Material provided.
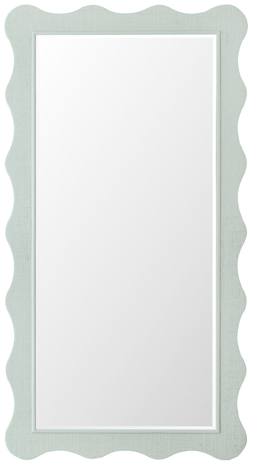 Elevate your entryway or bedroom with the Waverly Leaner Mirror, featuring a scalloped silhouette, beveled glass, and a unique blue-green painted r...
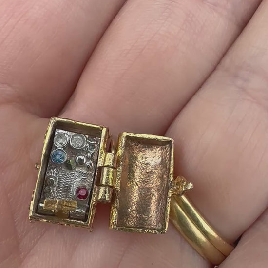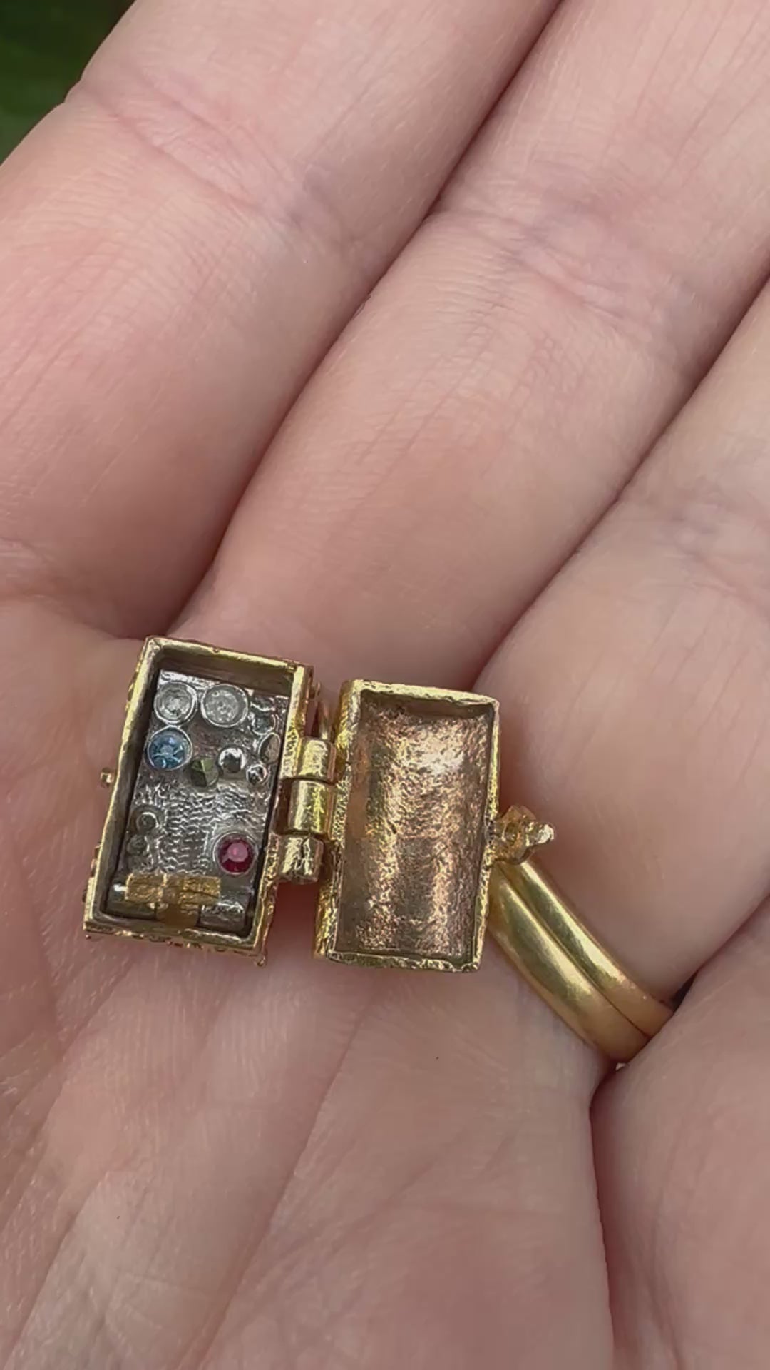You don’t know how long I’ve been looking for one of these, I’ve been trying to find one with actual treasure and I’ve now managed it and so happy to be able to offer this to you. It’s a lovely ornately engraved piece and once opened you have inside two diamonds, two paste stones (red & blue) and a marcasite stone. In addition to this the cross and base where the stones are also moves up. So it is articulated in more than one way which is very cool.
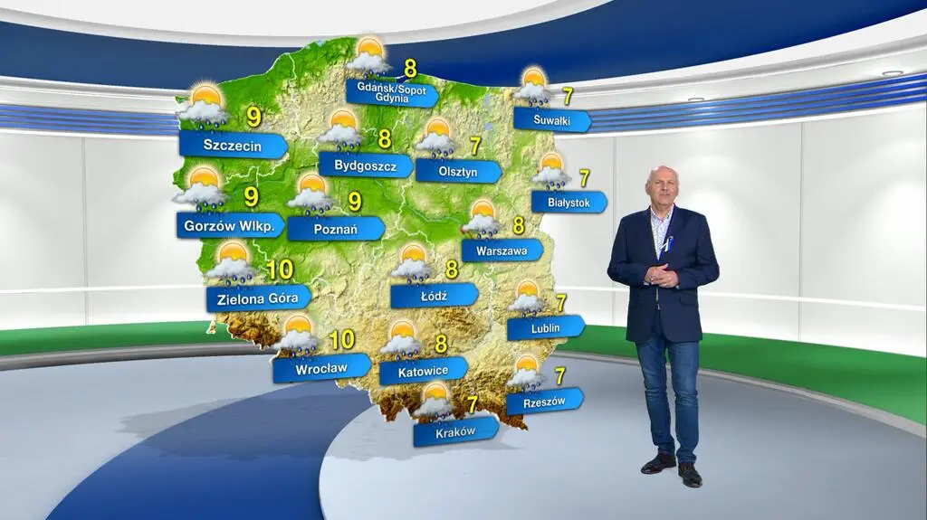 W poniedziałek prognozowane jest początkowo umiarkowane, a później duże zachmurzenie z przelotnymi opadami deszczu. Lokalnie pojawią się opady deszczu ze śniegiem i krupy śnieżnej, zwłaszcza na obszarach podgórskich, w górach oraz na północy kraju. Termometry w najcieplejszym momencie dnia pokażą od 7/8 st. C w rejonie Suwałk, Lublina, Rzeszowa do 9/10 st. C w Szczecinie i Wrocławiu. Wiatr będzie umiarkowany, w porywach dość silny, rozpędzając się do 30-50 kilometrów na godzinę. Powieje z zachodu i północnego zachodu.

Work task. Reproduce the data above exactly, leaving each picture out.

Response.
 Elevate your entryway or bedroom with the Waverly Leaner Mirror, featuring a scalloped silhouette, beveled glass, and a unique blue-green painted r...
You don’t know how long I’ve been looking for one of these, I’ve been trying to find one with actual treasure and I’ve now managed it and so happy to be able to offer this to you. It’s a lovely ornately engraved piece and once opened you have inside two diamonds, two paste stones (red & blue) and a marcasite stone. In addition to this the cross and base where the stones are also moves up. So it is articulated in more than one way which is very cool.
 W poniedziałek prognozowane jest początkowo umiarkowane, a później duże zachmurzenie z przelotnymi opadami deszczu. Lokalnie pojawią się opady deszczu ze śniegiem i krupy śnieżnej, zwłaszcza na obszarach podgórskich, w górach oraz na północy kraju. Termometry w najcieplejszym momencie dnia pokażą od 7/8 st. C w rejonie Suwałk, Lublina, Rzeszowa do 9/10 st. C w Szczecinie i Wrocławiu. Wiatr będzie umiarkowany, w porywach dość silny, rozpędzając się do 30-50 kilometrów na godzinę. Powieje z zachodu i północnego zachodu.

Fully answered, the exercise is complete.